**Extracted data:**
---*---

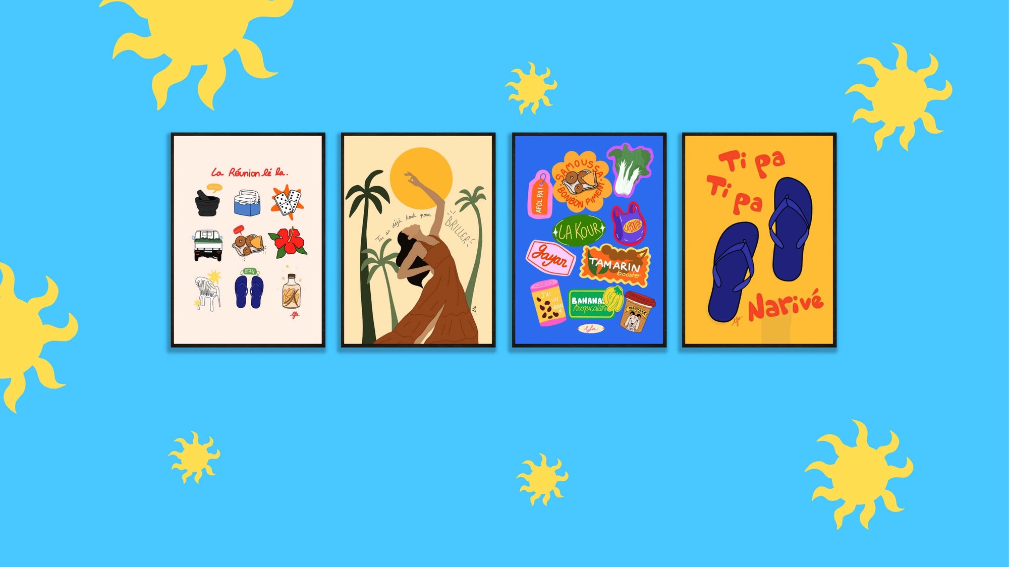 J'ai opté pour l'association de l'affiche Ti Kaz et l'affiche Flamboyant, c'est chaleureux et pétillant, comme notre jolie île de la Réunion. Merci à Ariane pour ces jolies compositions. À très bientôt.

---*---

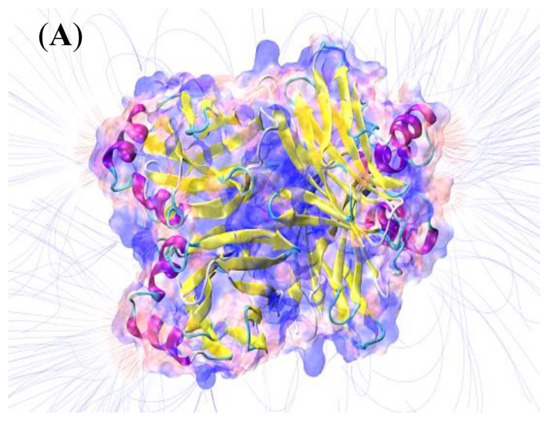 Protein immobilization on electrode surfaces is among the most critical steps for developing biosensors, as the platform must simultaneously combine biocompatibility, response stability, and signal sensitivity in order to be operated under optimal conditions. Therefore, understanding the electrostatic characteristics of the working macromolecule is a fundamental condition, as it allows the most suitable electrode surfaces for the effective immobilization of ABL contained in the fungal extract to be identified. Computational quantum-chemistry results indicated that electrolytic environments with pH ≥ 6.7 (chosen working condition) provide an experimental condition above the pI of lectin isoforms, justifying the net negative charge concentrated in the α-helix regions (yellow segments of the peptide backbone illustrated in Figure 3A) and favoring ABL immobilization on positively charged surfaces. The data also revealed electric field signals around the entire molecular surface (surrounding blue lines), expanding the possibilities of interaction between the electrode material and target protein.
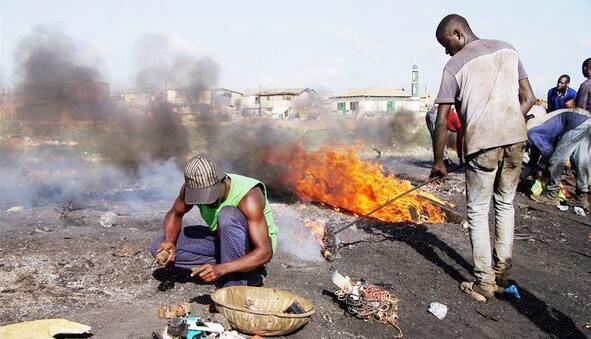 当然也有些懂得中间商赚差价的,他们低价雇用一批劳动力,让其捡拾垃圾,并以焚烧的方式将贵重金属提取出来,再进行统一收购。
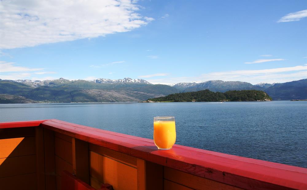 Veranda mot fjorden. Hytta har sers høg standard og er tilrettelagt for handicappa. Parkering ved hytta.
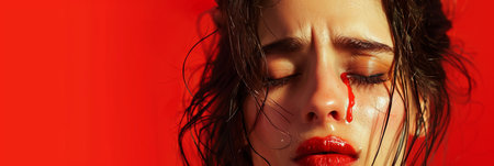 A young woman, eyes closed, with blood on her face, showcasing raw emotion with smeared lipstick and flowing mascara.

---*---

**What is required:** In the records above, find the line containing "Veranda mot fjorden." and the line containing "A young woman, eyes", then give both of them again word for word along with every line between. Omit any pictures.

**Output of the task:**
 Veranda mot fjorden. Hytta har sers høg standard og er tilrettelagt for handicappa. Parkering ved hytta.
 A young woman, eyes closed, with blood on her face, showcasing raw emotion with smeared lipstick and flowing mascara.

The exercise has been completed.